Allowing Iran to keep enriching and stockpiling uranium could enable Tehran to opt for a bomb “in very short order”, he said, adding that those projects were already “accelerating”.
Israel’s Iran timelines have often been more urgent than those of its Western allies. But with Prime Minister Benjamin Netanyahu now saying the Iranians are just months away from fortifying their nuclear sites against air strikes, fears of an imminent new Middle East conflict have surged abroad.
Netanyahu’s alliance with centrist opposition leader Shaul Mofaz on Tuesday appeared to buttress Israel further for war. Yet Iran strategy did not feature in the two leaders’ coalition negotiations, a senior official told Reuters, adding that Israel potentially had until 2013 to decide how to tackle its arch-foe.
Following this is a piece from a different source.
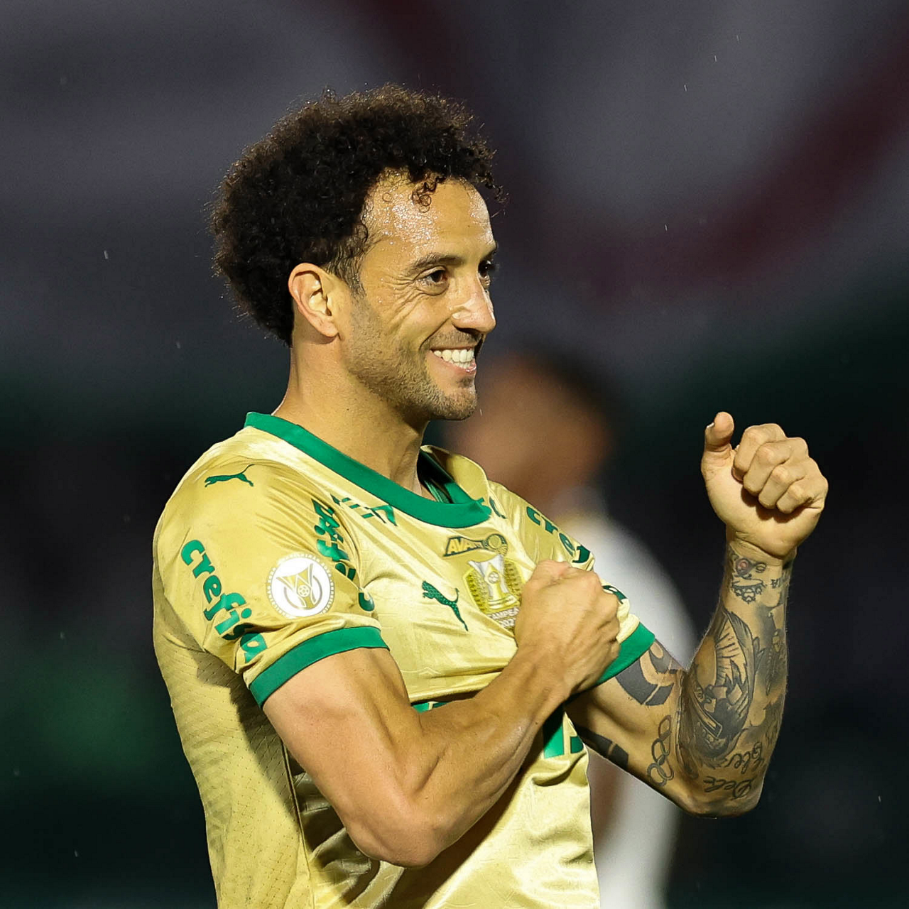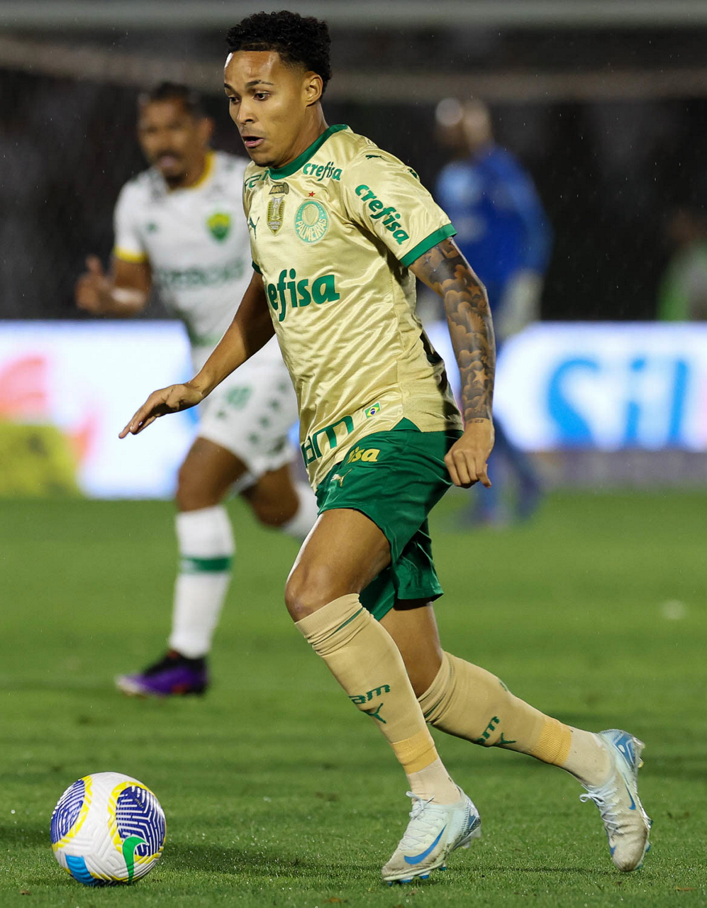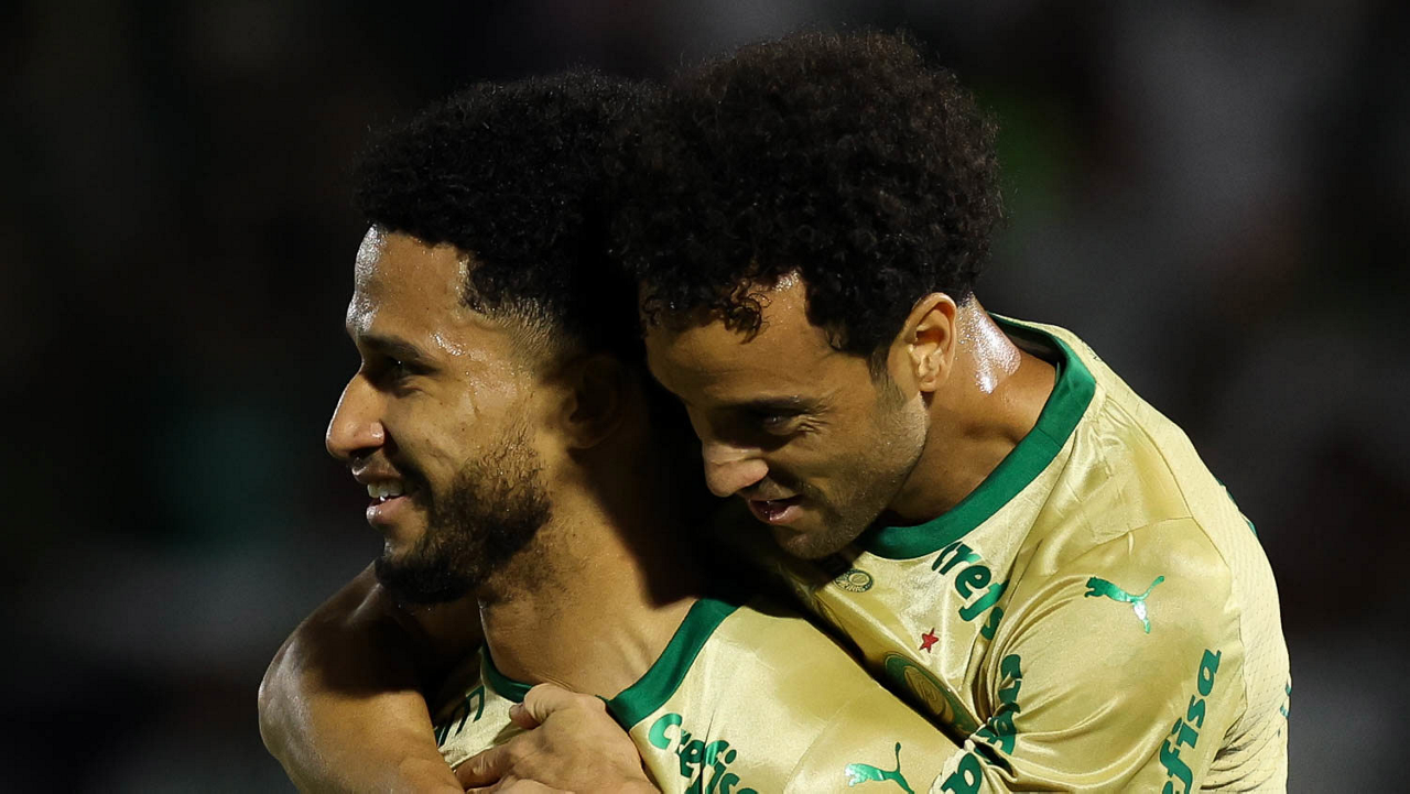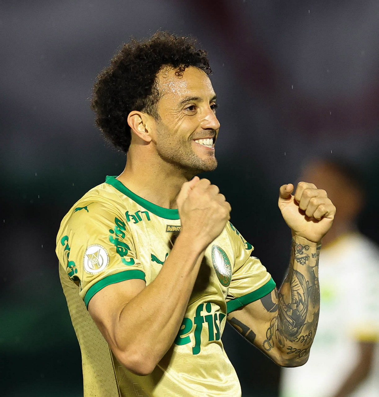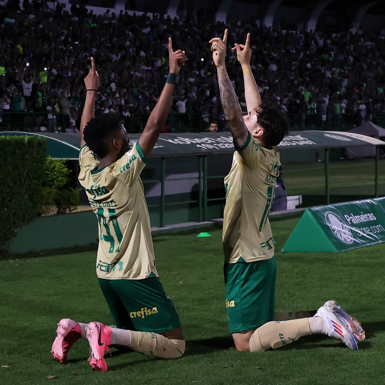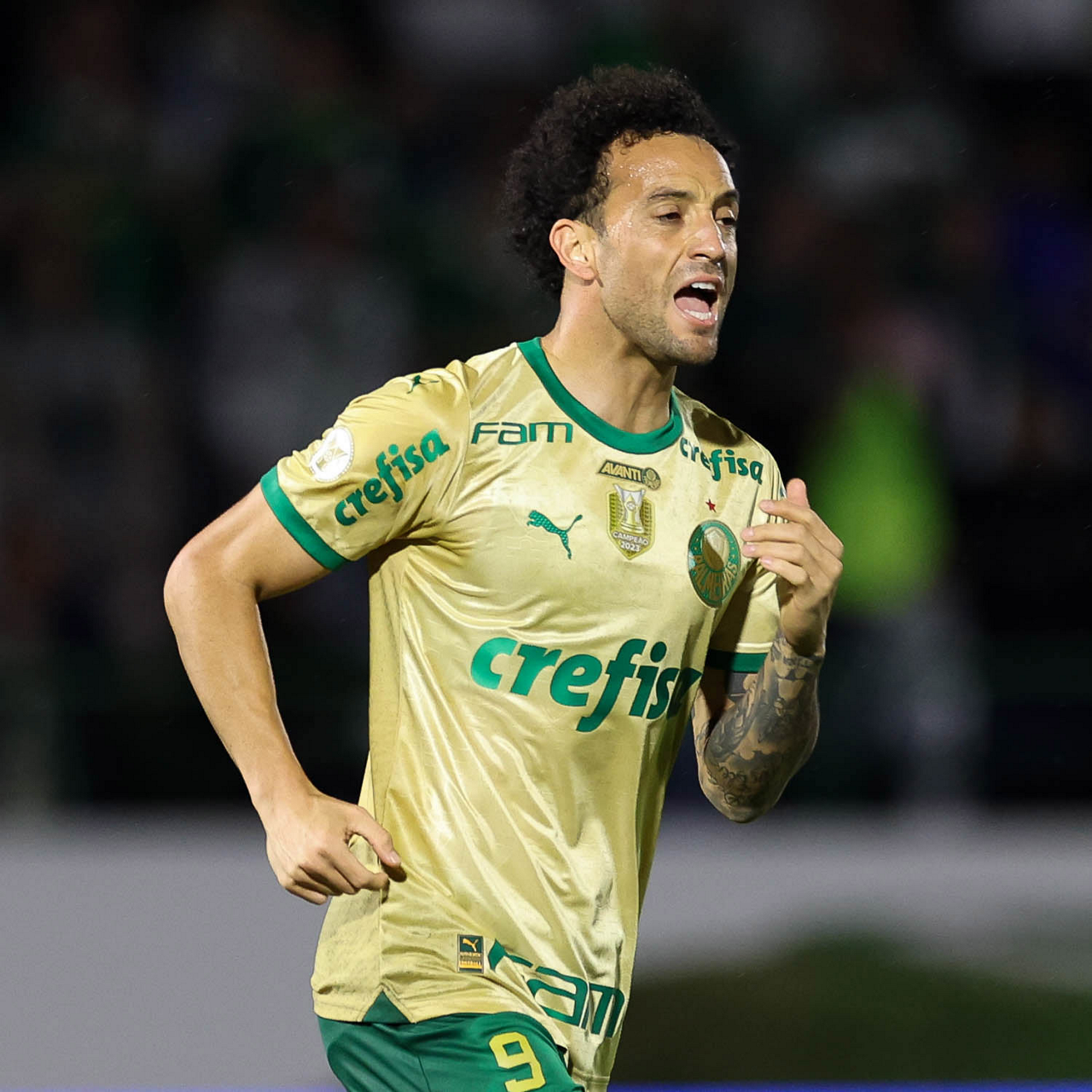 O técnico Abel Ferreira e o jogador Felipe Anderson (D), da SE Palmeiras, em jogo contra a equipe do Cuiabá EC, durante partida válida pela vigésima quarta rodada, do Campeonato Brasileiro, Série A, no Estádio Brinco de Ouro. (Foto: Cesar Greco/Palmeiras/by Canon)

In Israel a day after Netanyahu dropped his political bombshell, Catherine Ashton, the EU foreign affairs chief and senior liaison for the six world powers in talks with Tehran, briefed the prime minister about the nuclear negotiations.
MISGIVINGS
Mofaz, Defence Minister Ehud Barak and Foreign Minister Avigdor Lieberman also attended the session. An Israeli official said the Israeli leaders told Ashton it was clear Iran has been using the talks to play for time and there was no evidence it intends to stop its pursuit of a nuclear weapon.
Ayalon, a former ambassador to Washington who belongs to Lieberman’s ultra-nationalist Yisrael Beitenu party in Netanyahu’s government, declined to be drawn on whether Israel might defy the misgivings of the United States and other powers by attacking Iran unilaterally.
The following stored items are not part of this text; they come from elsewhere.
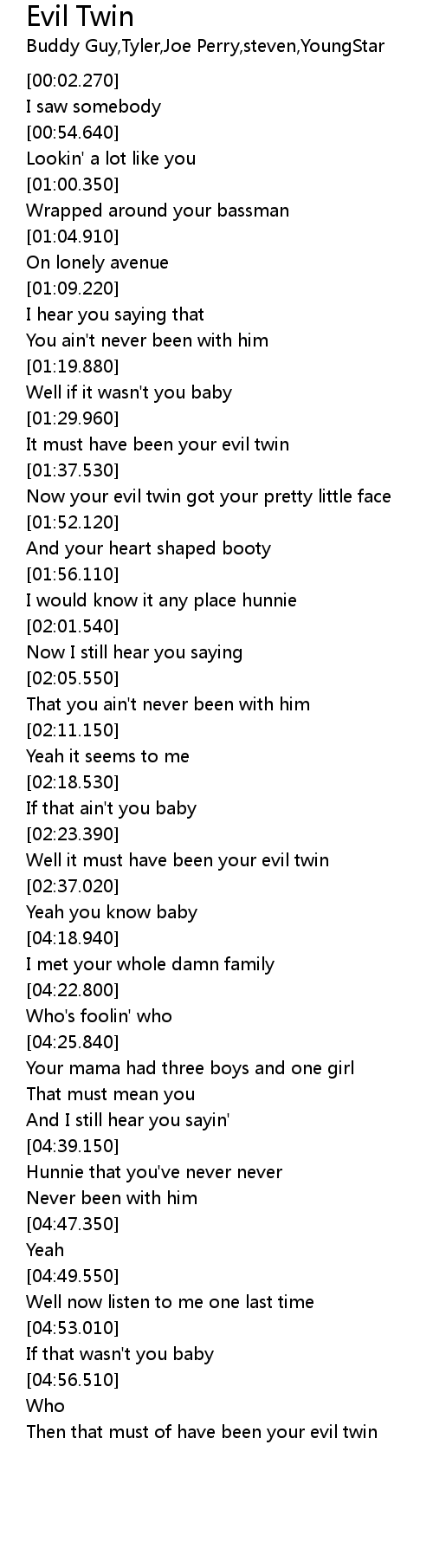 | [01:45.830] | Now your evil twin got your pretty little face |
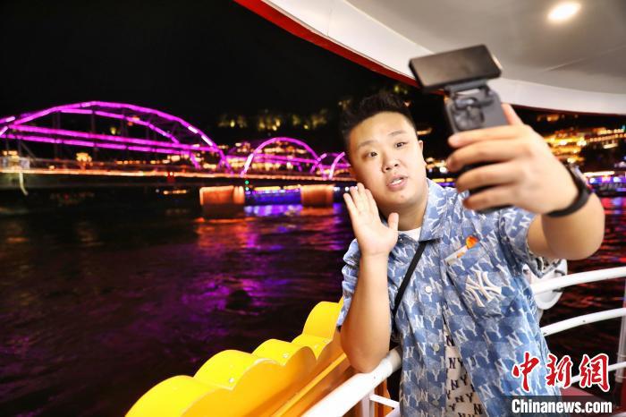 7月16日,“絲路風(fēng)采 如意甘肅”海峽兩岸記者聯(lián)合采訪活動(dòng)在甘肅蘭州啟動(dòng)。圖為臺(tái)灣自媒體人林惟綱在“黃河第一橋”——中山橋下拍攝短視頻。 中新社記者 李雪峰 攝
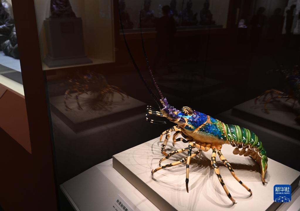 這是展出的錫雕青龍蝦(1月8日攝)。
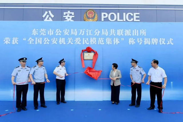 7月14日上午,东莞市公安局万江分局在共联派出所举行“全国公安机关爱民模范集体”揭牌仪式。

“I don’t want to lock ourselves to anything,” he said, adding: “Certainly we are not a part to any of these agreements (between world powers and Iran) and I think we have all the rights to be concerned based on the threats coming from Tehran.”
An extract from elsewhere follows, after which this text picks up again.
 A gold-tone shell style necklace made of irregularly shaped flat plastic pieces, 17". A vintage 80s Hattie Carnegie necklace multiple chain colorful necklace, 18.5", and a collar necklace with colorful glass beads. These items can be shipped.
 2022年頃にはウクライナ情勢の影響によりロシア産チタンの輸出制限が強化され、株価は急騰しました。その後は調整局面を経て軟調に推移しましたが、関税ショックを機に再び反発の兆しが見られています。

Iran “can be stopped” if subjected to more aggressive diplomacy, including sanctions on its oil and banks, Ayalon said.
“Of course there is a bad taste in that they dictate(d) the venue,” he said, referring to discussion over Baghdad hosting this month’s talks after the first, April 14 round in Istanbul. “That’s not something we should all be proud of. We don’t think Iran is in a position to negotiate at all.”
He cited U.S. findings that the Iranians lost $60 billion since July due to tightening sanctions, and noted their decision to back down after a bout of naval brinkmanship with the U.S. Navy in the strategic Strait of Hormuz in December and January.
“If its oil exports are reduced by only 40 percent … then their economy is ground to a halt and things will evolve very radically from there,” Ayalon said.
“There is a lot of spin and a lot of psychological warfare, but Iran is a very vulnerable country … We do know that the ayatollahs, as fanatic and dangerous as they are, are not irrational when it comes to their own political survival.”
Israel itself is widely presumed to have a nuclear arsenal, which it neither confirms nor denies. Unlike Iran, it has never signed up to the non-proliferation treaty that requires it to forego nuclear arms in return for guaranteed access to peaceful nuclear technology.